IN ANOTHER moment Alice was through the glass and had jumped lightly down into the looking-glass room. She noticed that it had been tidied since her last visit and that the chess-pieces, no longer scattered on the floor, sat, inanimate, in their box. She was relieved - the Red Queen was no better than the governess from whom she had just escaped but wondered what she would find instead.

Alice pursued this quest, going out of the looking-glass room, down the stairs, out of the door and into the sunlit garden. Here, too, things had changed: she scarcely noticed that the flowers were now as silent as the chess-pieces, so struck was she by the sight of an absurd dome in the middle distance. As she approached it, Alice recognised the March Hare and the Hatter who were having tea beneath it. The usual cries of `No room! No room!' were unusually appropriate: with them sat a whole array of characters that Alice had never met.

`What is the occasion?' she asked.

'Oh. we're Just havinga little Millennium Tea Party,' came the off-hand reply.

`Yes, just a little MTP,' confirmed the Hare.

'A Millennium Tea Party!' said Alice, astonished - this was better than the dull New Year's Eve party of 1865 from which she had just come.

`Yes, of famous memor-ee,' added a hairy squirrel who had quite a talent for verse.

`Yes, just a little MTP, OFM,' the Hare went on.

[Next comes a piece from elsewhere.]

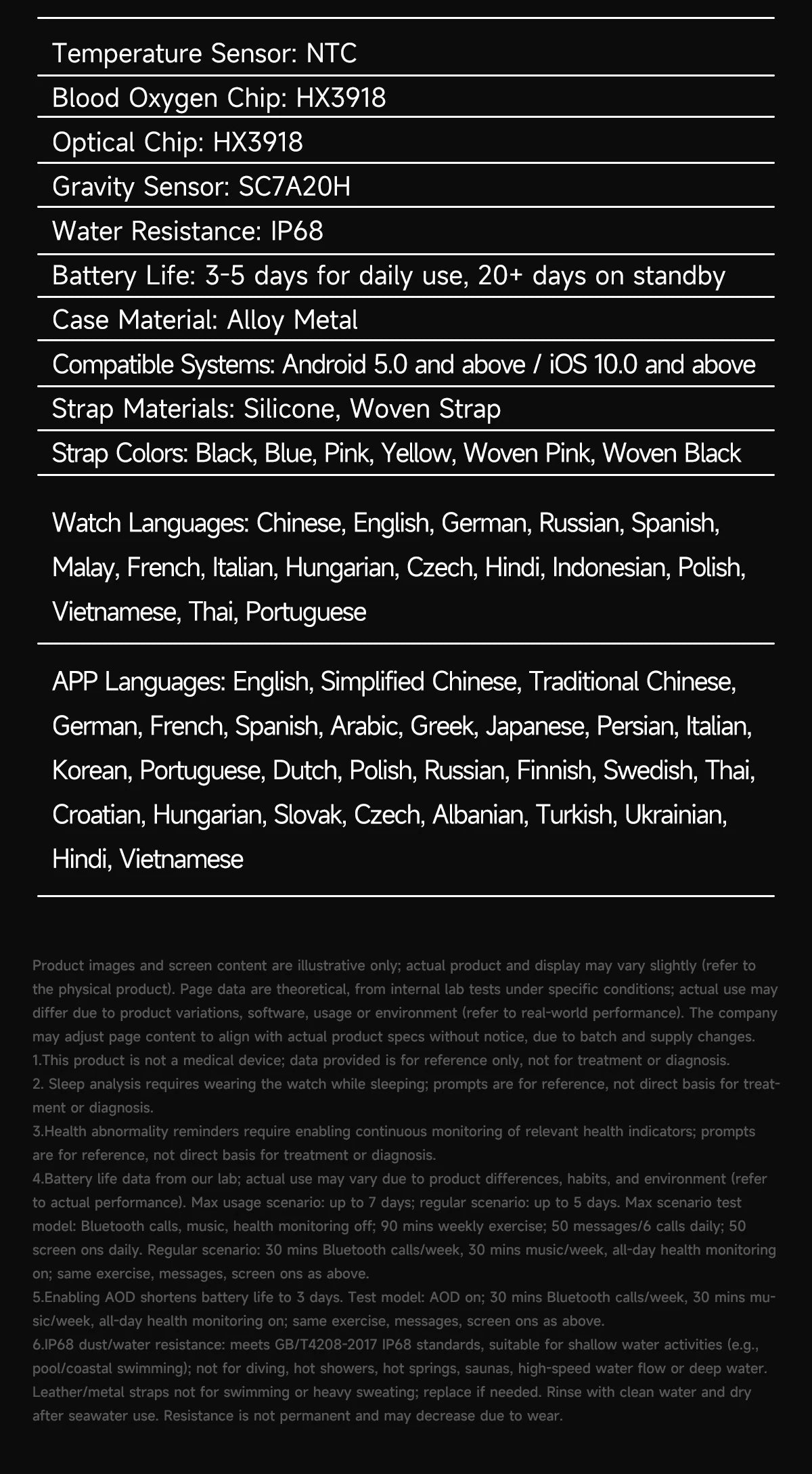 Metrics measured: Heart Rate Monitor,Women's Health Monitoring,Blood Oxygen Monitor,Sleep Monitor,Blood Pressure Monitor,Body Temperature Monitor,Stress Monitor

This would have gone on ad nauseam had not Alice loudly exclaimed, `The Millennium, why, what a grand thing!'

There was silence. Even the Hare was silent. Then a dinosaur spoke. His name was Soames: a tall, pale, shambling character, his voice as toneless as his grey, waterproof cape.

'I don't see what's so grand,' he said.

`It is 2,000 years since the birth of Our Lord,' said Alice. `Surely evil cannot have survived 2,000 years of Christianity. War, poverty, corruption. .'

`Mankind?' Alice was interrupted by an owl in a Dominican habit. `Yes, these things have survived. We are all sons of Adam; we all have free will, and sin, my dear, is usually so much more fun.'

`Adam and Eve!' cried Rawkins, a young rat in a white lab coat. `No one believes that stuff any more.' At this, Aquinas, the owl, looked pained and took some more tea.

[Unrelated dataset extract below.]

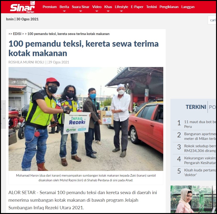 ALOR SETAR – Seramai 100 pemandu teksi dan kereta sewa di daerah ini menerima sumbangan kotak makanan di bawah program Jelajah Sumbangan Infaq Rezeki Utara 2021.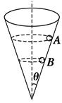 一个内壁光滑的圆锥筒的轴线是竖直的,圆锥固定,有质量相同的两个小球A和B贴着筒的内壁在水平面内做匀速圆周运动,如图所示,A的运动半径较大,则 ( )![]()

`Then what do you believe?' asked Alice indignantly.

`Anything,' quipped the owl. It was Rawkins's turn to look pained. Then he took on the expression of one who felt that the time had come to teach his grandmother to suck eggs.

`We believe in Darwinism,' he began.

`Then I don't see why we're here now,' said Soames. `It's not even two centuries After Darwin.'

`Because,' the rat went on, `we won't be around in 2000 After Darwin. We will all be as dead as dodos.'

`Well, I've been as dead as a dodo since 1519,' said Leonardo, a brightly coloured bird, `but I still made it here.'

The rat's expression was now that of a primary school teacher. `No, mankind will be extinct, non-existent, even in these odd parallel universes.'

`But is there no hope? Is the Millennium no more than a mark of time passed, 2,000 years' survival? …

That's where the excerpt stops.